We have already concluded that a drug statute that criminalizes even one additional isomer does not qualify as a “serious drug felony.” United States v. Oliver, 987 F.3d 794, 806–07 (8th Cir. 2021) (holding that an Illinois drug statute was overbroad because it covered “optical, positional, and geometric isomers” of cocaine (emphasis added)). It should come as no surprise that a statute that reaches even more is overbroad too. See United States v. De La Torre, 940 F.3d 938, 951 (7th Cir. 2019) (interpreting a similar Indiana statute the same way). This means that Owen's third-degree drug-sale convictions do not count as “serious drug offense[s]” under ACCA. See Oliver, 987 F.3d at 806–07.
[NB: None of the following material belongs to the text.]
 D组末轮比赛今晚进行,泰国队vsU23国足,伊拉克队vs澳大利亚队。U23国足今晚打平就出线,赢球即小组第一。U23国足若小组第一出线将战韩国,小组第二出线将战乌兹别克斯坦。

Despite the clear and unambiguous language in Minnesota's definition, the government claims that there is no “realistic probability” that Minnesota would prosecute the sale of cocaine isomers other than those listed in the federal schedules. At best, it argues, a prosecution for anything other than an optical or geometric isomer is only a “theoretical possibility.” After all, according to the government, other isomers exist only in the lab at this point.
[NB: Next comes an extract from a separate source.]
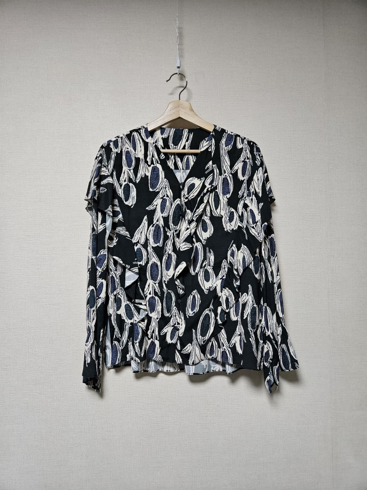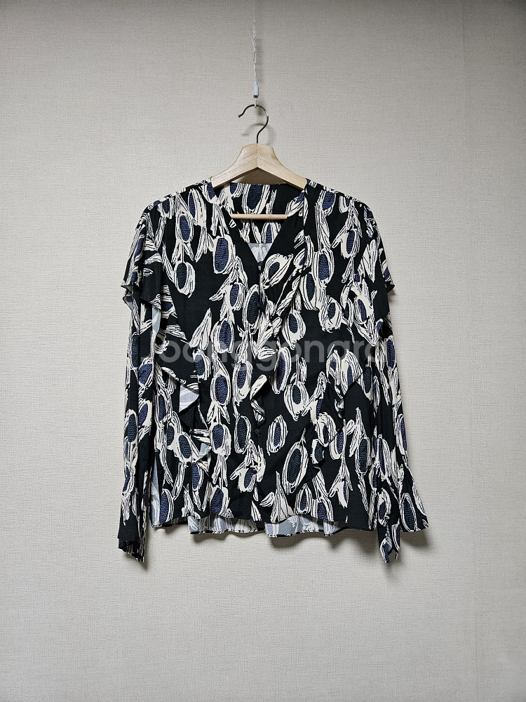 한섬 래트바이티 LATT 패턴 러플 블라우스 55사이즈 하늘한 얇은 레이온 소재로 신축성은 없고 봄가을 이너, 초여름 단독 정도 다크그린 바탕에 패턴, 단추 여밈 전면 오픈이고 상단 단추여밈 사이는 슬릿 조금 있어요 살짝 언밸런스한 러플디테일과 아랫단 옆트임, 소매끝 트임 자연스러운 생활사용감 정도는 있고 전체적인 컨디션 양호한 편입니다 . 사이즈 가슴단면 53 뒤 기장 68 앞 기장 62 55사이즈입니다

The science notwithstanding, the government's argument cannot succeed because the realistic-probability test is about resolving ambiguities. See Gonzalez v. Wilkinson, 990 F.3d 654, 660 (8th Cir. 2021) (explaining that the realistic-probability test applies only when a state statute has an “indeterminate reach” (citation omitted)); see also Br. of Appellant 38 (describing it as a “useful interpretive rule to resolve a state statute's ambiguity”). Compare Brown v. United States, 929 F.3d 554, 559 (8th Cir. 2019) (adopting the same rule in an ACCA case), with United States v. Bragg, 44 F.4th 1067, 1076 (8th Cir. 2022) (declining to apply Gonzalez's approach in a case involving ACCA's force clause). The definition of cocaine, as we explain above, is unambiguously broad: it reaches “the ․ isomers of cocaine” and contains no limiting language. See Gonzalez, 990 F.3d at 658, 660–61 (concluding that it took no “legal imagination” to determine the reach of a Florida statute that prohibited possession of “all parts of any [Cannabis] plant”). The “realistic probability,” in other words, is “evident from the language of the statute itself,” id. at 660, just like in Oliver, 987 F.3d at 806. It is not our job “to rewrite [the] statute to conform” to federal law or “a supposed practical understanding of the drug trade.” United States v. Ruth, 966 F.3d 642, 648 (7th Cir. 2020); see also Oliver, 987 F.3d at 807–08 (relying on Ruth).4


We accordingly affirm the judgment of the district court.


1.   The Honorable Ann D. Montgomery, United States District Judge for the District of Minnesota.

2.   We refer to the particular crime that Owen committed as third-degree drug sale, but the offense is part of a larger statute that criminalizes the possession and sale of certain types of controlled substances, including narcotic drugs. See Minn. Stat. § 152.023 (defining “controlled substance crime in the third degree”).

3.   Even if the third-degree drug-sale statute is divisible by cocaine isomer, it would make no difference here because the Shepard documents mention only cocaine, not the form of it that Owen sold. See Shepard v. United States, 544 U.S. 13, 20–21, 125 S.Ct. 1254, 161 L.Ed.2d 205 (2005) (listing the types of documents that a court can consider).

4.   Given our conclusion that the third-degree drug-sale statute is overbroad when it comes to cocaine, there is no need to address Owen's argument that a jury should have decided whether he committed his two drug sales on “occasions different from one another.” 18 U.S.C. § 924(e)(1).